Entries taken from a collection
Segment Open
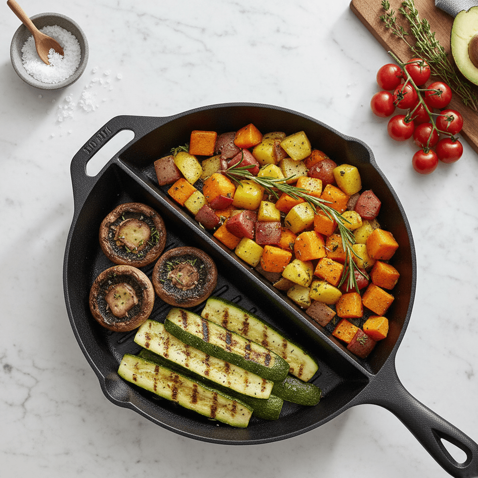 The Multi-Purpose Cast Iron Flat & Grooved Cooking Pan (32cm) is a versatile addition to any modern kitchen. Crafted from durable cast iron cookware, this cast iron multipurpose cooking pan features both a flat and grooved surface, making it ideal for grilling, sautéing, frying, and even searing. With its large 32cm size and ergonomic handle, it’s perfect for preparing family meals and enhancing your cooking experience with even heat distribution and long-lasting performance.
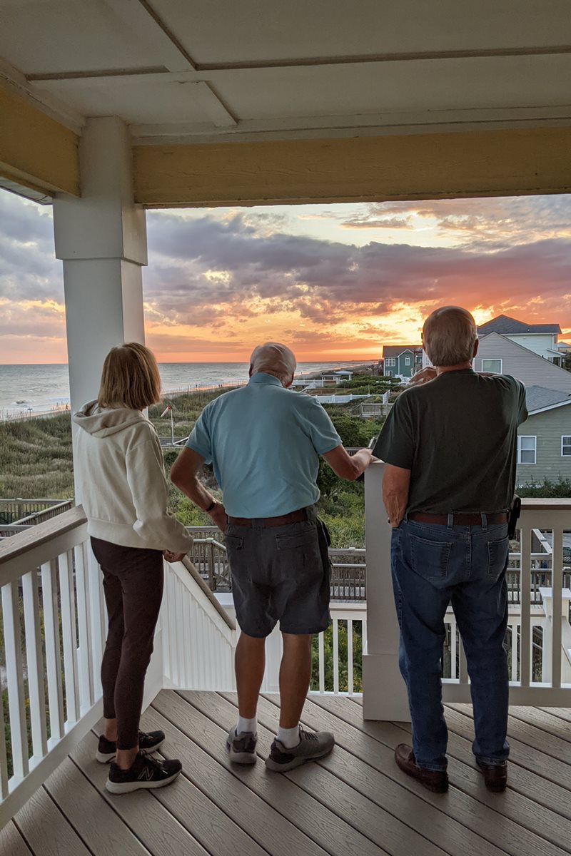 During the period of October 3-10, 2025, Jim, with his wife Kelly and son Ford, generously hosted four of his Beta Pi brothers at his six-bedroom beachfront house in Emerald Isle, North Carolina. Visiting Jim were Dave DelDotto ’67, John Spittle ’66 and his wife Susie, Morty Cohen ’65 and his wife Della, and Tim Sotos ’67.
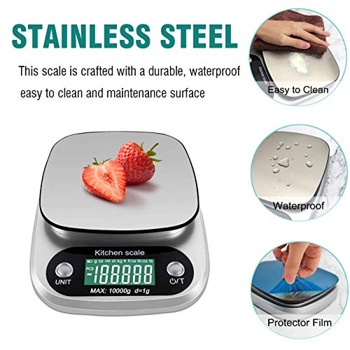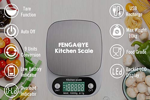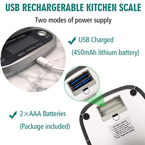AUNHUIT - ميزان مطبخ رقمي قابل لإعادة الشحن بمنفذ USB وبطاريات متعدد الوظائف مقاوم للماء وزن حتى 10 كيلوجرام بدقة 1 جرام وظيفة الوزن الصافي جرام/اونصة/مل/كيلوجرام/لتر/اونصة سائلة/ رطل لوزن الطعام من اون ويت
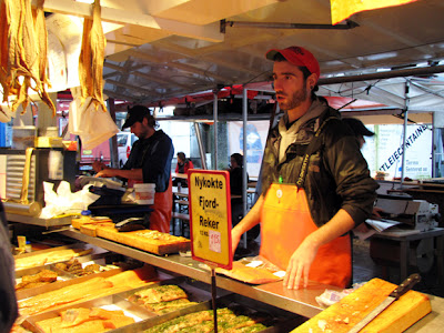 The waterfront was home to a raucous fish market , the Torget, filled with tightly packed tents with benches and stalls with fish mongers in bright orange suits vending pearly pink slivers of marinated salmon.
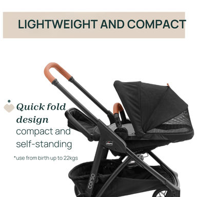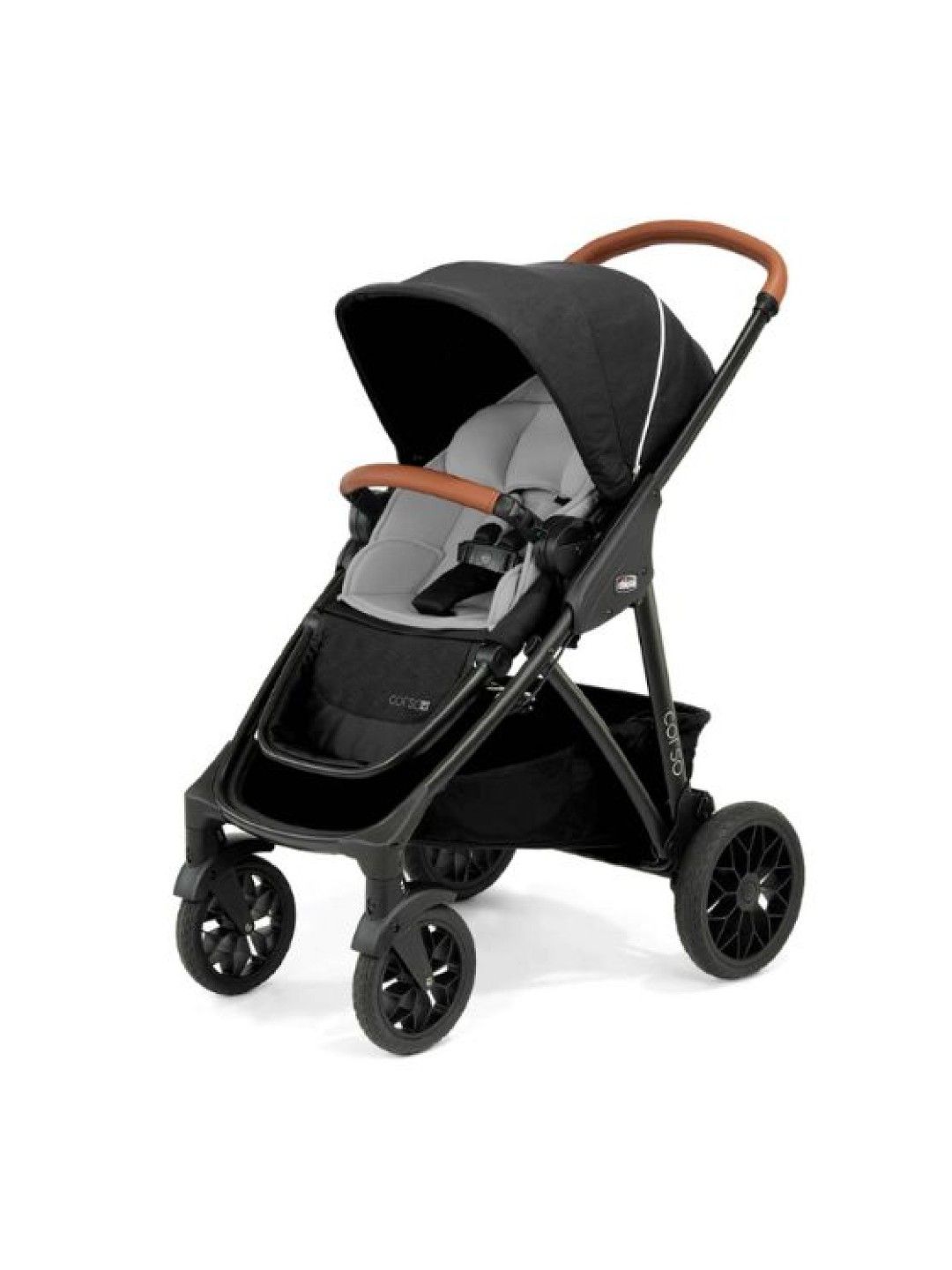 The Corso® LE Modular Stroller in Studio is a perfect mix of luxury and functionality for modern mamas! With parent-facing and forward-facing strolling options, it's designed to adapt as your baby grows. It comes with a cozy infant insert for newborns and premium leatherette accents for a chic touch. The one-hand quick-fold design is compact and self-standing, while the multi-position recline, adjustable footrest, and UPF 50+ canopy with a mesh peek-a-boo panel keep your baby comfy and protected. Featuring adjustable FlexCore® suspension, treaded rubber tires, and an ergonomic push handle, it’s smooth to steer. Plus, the extra-large storage basket and compatibility with Chicco infant car seats make this stroller a must-have for style and practicality!
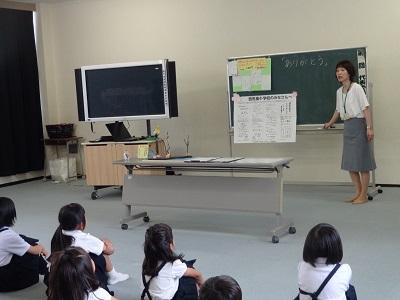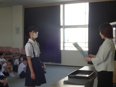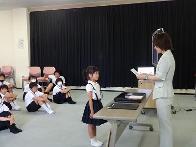 終業式では,読書賞の表彰の後,校長先生のお話を聞きました。「最高の夏休み」にするためにしてほしいことを分かりやすく話してくださいました。続いて「夏休みの生活について」のお話を聞きました。「な・つ・や・す・み」にあわせて,夏休み中の生活のきまりについてお話がありました。これらのお話をしっかりと守って「楽しい夏休み」にしてほしいと思います。
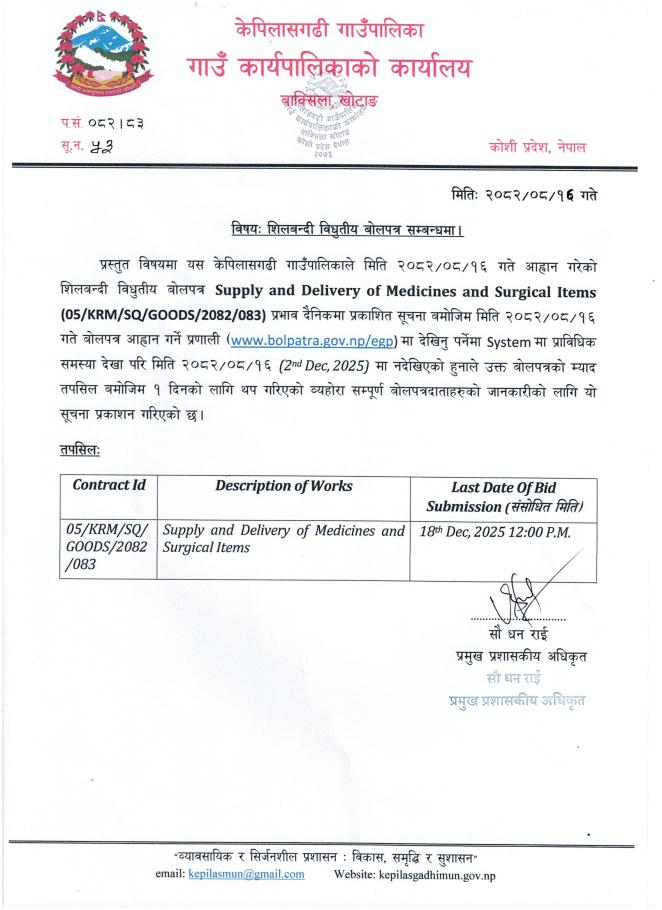 शिलबन्दी बोलपत्र सम्बन्धी सूचना !!!
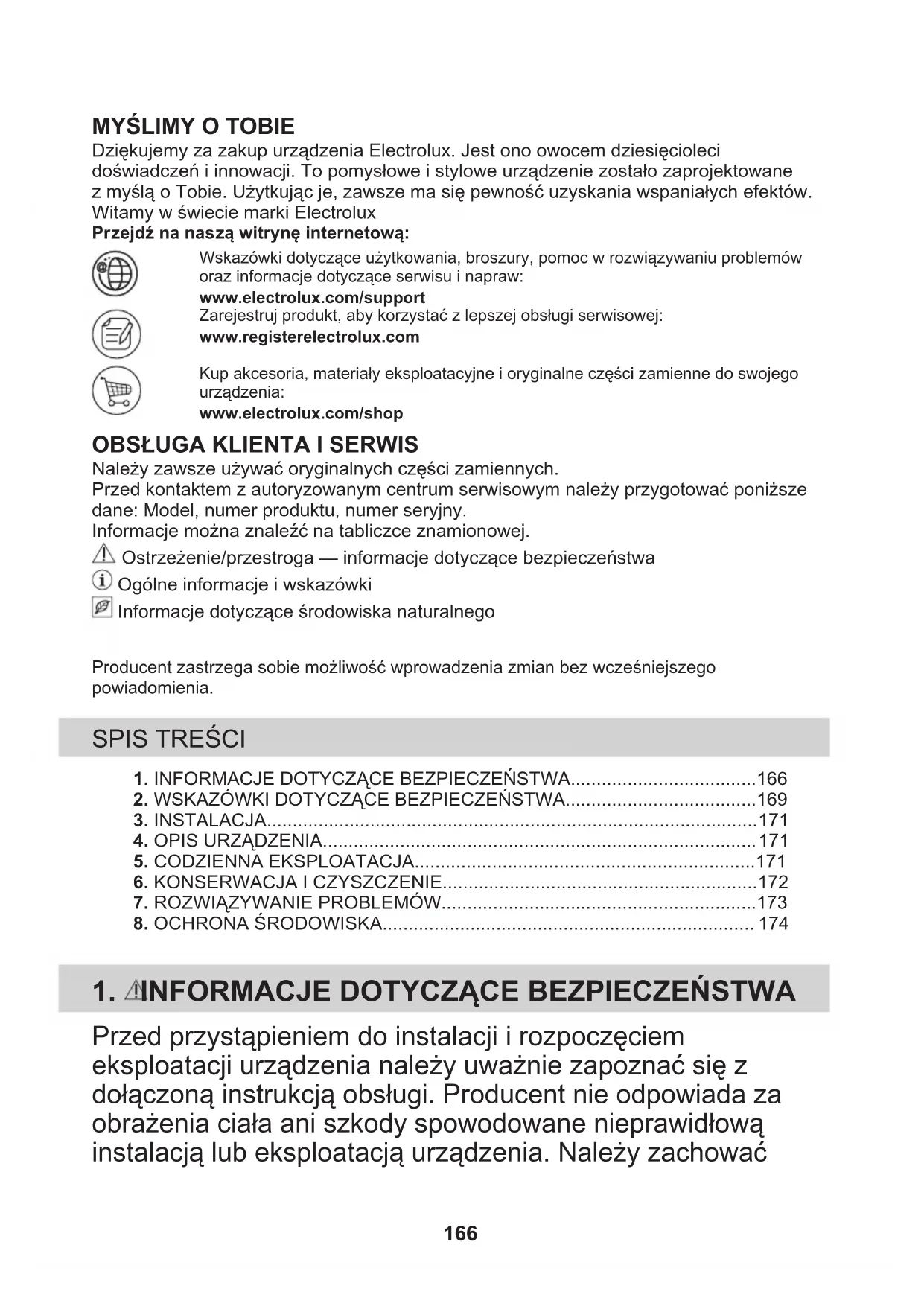 Dziękujemy za zakup urządzenia Electrolux. Jest ono owocem dziesięciolecidoświadczeń i innowacji. To pomysłowe i stylowe urządzenie zostało zaprojektowanez myślą o Tobie. Użytkując je, zawsze ma się pewność uzyskania wspaniałych efektów.Witamy w świecie marki ElectroluxPrzejdź na naszą witrynę internetową:Wskazówki dotyczące użytkowania, broszury, pomoc w rozwiązywaniu problemóworaz informacje dotyczące serwisu i napraw:www.electrolux.com/supportZarejestruj produkt, aby korzystać z lepszej obsługi serwisowej:www.registerelectrolux.comKup akcesoria, materiały eksploatacyjne i oryginalne części zamienne do swojegourządzenia:www.electrolux.com/shop
Segment Closed
*TASK GOAL*
Your reply should be the full data above, copied exactly, with no pictures in it.

*EXERCISE RESULT*
 The Multi-Purpose Cast Iron Flat & Grooved Cooking Pan (32cm) is a versatile addition to any modern kitchen. Crafted from durable cast iron cookware, this cast iron multipurpose cooking pan features both a flat and grooved surface, making it ideal for grilling, sautéing, frying, and even searing. With its large 32cm size and ergonomic handle, it’s perfect for preparing family meals and enhancing your cooking experience with even heat distribution and long-lasting performance.
 During the period of October 3-10, 2025, Jim, with his wife Kelly and son Ford, generously hosted four of his Beta Pi brothers at his six-bedroom beachfront house in Emerald Isle, North Carolina. Visiting Jim were Dave DelDotto ’67, John Spittle ’66 and his wife Susie, Morty Cohen ’65 and his wife Della, and Tim Sotos ’67.
AUNHUIT - ميزان مطبخ رقمي قابل لإعادة الشحن بمنفذ USB وبطاريات متعدد الوظائف مقاوم للماء وزن حتى 10 كيلوجرام بدقة 1 جرام وظيفة الوزن الصافي جرام/اونصة/مل/كيلوجرام/لتر/اونصة سائلة/ رطل لوزن الطعام من اون ويت
 The waterfront was home to a raucous fish market , the Torget, filled with tightly packed tents with benches and stalls with fish mongers in bright orange suits vending pearly pink slivers of marinated salmon.
 The Corso® LE Modular Stroller in Studio is a perfect mix of luxury and functionality for modern mamas! With parent-facing and forward-facing strolling options, it's designed to adapt as your baby grows. It comes with a cozy infant insert for newborns and premium leatherette accents for a chic touch. The one-hand quick-fold design is compact and self-standing, while the multi-position recline, adjustable footrest, and UPF 50+ canopy with a mesh peek-a-boo panel keep your baby comfy and protected. Featuring adjustable FlexCore® suspension, treaded rubber tires, and an ergonomic push handle, it’s smooth to steer. Plus, the extra-large storage basket and compatibility with Chicco infant car seats make this stroller a must-have for style and practicality!
 終業式では,読書賞の表彰の後,校長先生のお話を聞きました。「最高の夏休み」にするためにしてほしいことを分かりやすく話してくださいました。続いて「夏休みの生活について」のお話を聞きました。「な・つ・や・す・み」にあわせて,夏休み中の生活のきまりについてお話がありました。これらのお話をしっかりと守って「楽しい夏休み」にしてほしいと思います。
 शिलबन्दी बोलपत्र सम्बन्धी सूचना !!!
 Dziękujemy za zakup urządzenia Electrolux. Jest ono owocem dziesięciolecidoświadczeń i innowacji. To pomysłowe i stylowe urządzenie zostało zaprojektowanez myślą o Tobie. Użytkując je, zawsze ma się pewność uzyskania wspaniałych efektów.Witamy w świecie marki ElectroluxPrzejdź na naszą witrynę internetową:Wskazówki dotyczące użytkowania, broszury, pomoc w rozwiązywaniu problemóworaz informacje dotyczące serwisu i napraw:www.electrolux.com/supportZarejestruj produkt, aby korzystać z lepszej obsługi serwisowej:www.registerelectrolux.comKup akcesoria, materiały eksploatacyjne i oryginalne części zamienne do swojegourządzenia:www.electrolux.com/shop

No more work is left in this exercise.